I never applied for benefits, even though I was almost certainly entitled to them, because I knew the stress of engaging with the DWP’s adversarial processes would in all likelihood make me sicker. I’ve recently joined a long covid peer support group, and their stories of hostile interviews and stressful appeals processes have sadly confirmed that my instincts were probably right in this respect. I was lucky enough to be able to survive without having to navigate this broken system. I’m acutely aware that not everyone can afford the breathing space to find the gifts in the struggle. All I’m saying is that the gifts are there.

In January, a friend sent me a poem by John O’Donohue called “A Blessing for a Friend on the Arrival of Illness.” The poem wishes the friend the courage to “embrace this illness as a teacher”, the wisdom

“to listen to your illness,
ask it why it came,
why it chose your friendship,
where it wants to take you,
what it wants you to know.”

I appreciated the sentiment – after all, this was very much how I had come to relate to my long covid – but I thought its relevance to my future was limited. I thought I was done learning the lessons long covid came to teach me, and – perhaps because of that – I thought I was nearly done with long covid. As it turned out, I was wrong on both counts.

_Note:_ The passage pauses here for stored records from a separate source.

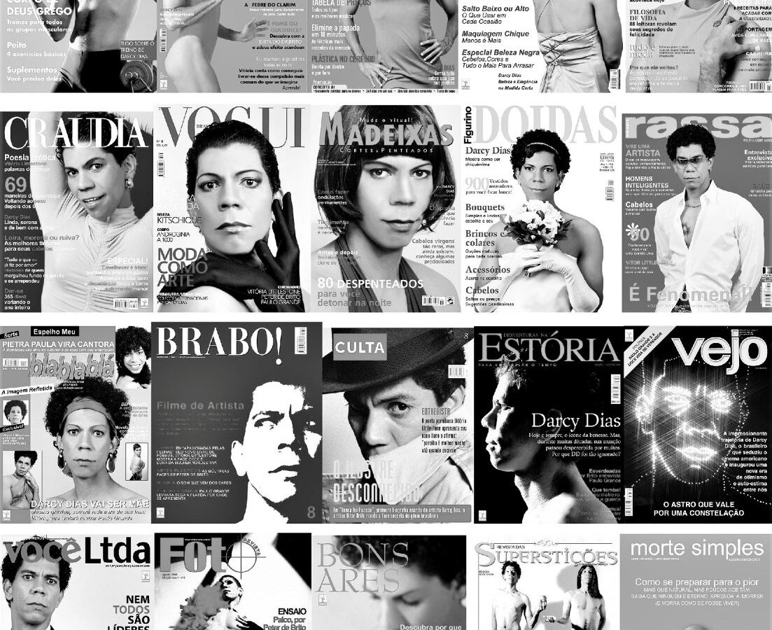 Entre 2005 e 2006 quando a internet e os celulares com câmeras ainda não se tinham popularizado tanto quanto agora, Peter de Brito criou a série “Autorretratos” composta de 25 revistas tamanho entre 25×30 e 2…Delas só vemos as capas, e nestas diferentes pessoas, todas elas identificadas como Darcy Dias. Dias é tanto um corpo masculino quanto um corpo feminino que encarna valores comportamentais passíveis de serem comercializados na forma revista. Em certa capa ela é tranquilidade, noutra elegância; pode ser ousadia, ou apontar contradições; na capa de Boa Fôrma, é disciplinada, enquanto em Rassa é o artista nordestino, corpo bom tornado símbolo nacional; em Vejo é o astro que renova as esperanças na nação que confia no futebol, mas aposta pouco no cinema; a sensualidade de Descarada destaca a travesti Darcy Dias como uma garotinha boba. Para o artista estamos num tempo em que podemos ser o queremos. Isto tanto pode implicar intervenções cirúrgicas e próteses, ou cosméticos que clareiam a pele, alisamentos de cabelos progressivos. Também a fotografia dada sua difusão nos fornecem os retratos que queremos ver diariamente, muitos dos quais são autorretratos ou selfies. Imaginem fosse verdade existisse a revista de comportamento feminino Craúdia todos os meses trazendo conselhos sobre sexo antes ou depois dos 60 anos; sugerindo as tintas ideais para ocultar a perda de cor dos cabelos da juventude; trazendo exemplos de arrependimento que põem em cheque a decisão de entrega apaixonada no estilo novela brasileira; no especial que toda boa revista deve ter destaca-se o triplo problema da passagem do tempo ligada ao envelhecimento e explicitamente exposta: tristeza, decadência e sofrimento. O rosto jovem de Darcy Dias, seu sorriso levemente despretensioso e nordestino encarando a câmera pré-programada resultam a imagem de uma mulher de bem com a vida que sabe vestir a roupa certa/brega e fazer o gesto impossível para a maioria das velhas, mesmo as que foram lindas na juventude. Lembremos que Darcy Dias nesta publicação não é a leitora, mas a modelo reinando sozinha na capa, seduzindo sua audiência. Ela aparece, como outras personagens femininas criadas pelo artista, sem os longos cabelos normalmente explorados nas revistas de moda, como uma obrigação da condição feminina, mesmo para as negras.
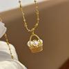 中古风古法立体编织篮仿施家珍珠项链满钻气质精致锁骨链招财篮子
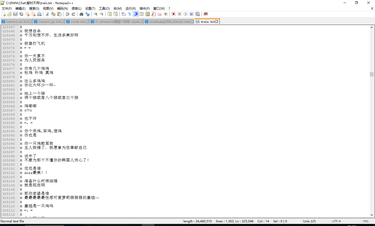 with codecs.open('C://RNN//Chat//train.txt','r','utf-8') as f:

After my symptoms dramatically lifted late last year (apparently this is called a “remission event”), my doctors expected my residual fatigue to resolve within “weeks or months”. Ironically, the belief that a full recovery was just around the corner led to me constantly overdoing things, which ultimately slowed me down. Just because I suddenly could push through fatigue again, that didn’t mean I should. I thought long covid had taught me patience, but I was still far too impatient to have it out of my life.

Clearly, this illness does still have things to teach me. And anyway, not everyone magically gets better as soon as they’ve learned their lessons, because life isn’t a fairytale. At the moment, I’m making good progress and am cautiously optimistic. But after a year of riding the long covid rollercoaster, I’ve learned not to take anything for granted. My relationship with this illness is not over yet.

It might seem strange to describe this relationship as a “friendship”. Like a lot of good friends, long covid is undoubtedly a royal pain in the arse. Like a lot of good friends, it has told me some unwelcome home truths. But, like all the best friends, it has told me the truths I needed to hear, and I think it has made me a better person.

So: happy anniversary, long covid. I can’t say with my hand on my heart that I hope we’ll see many more – but if we do, then that is okay. I’ve learned to love you, warts and all. And I’m still listening.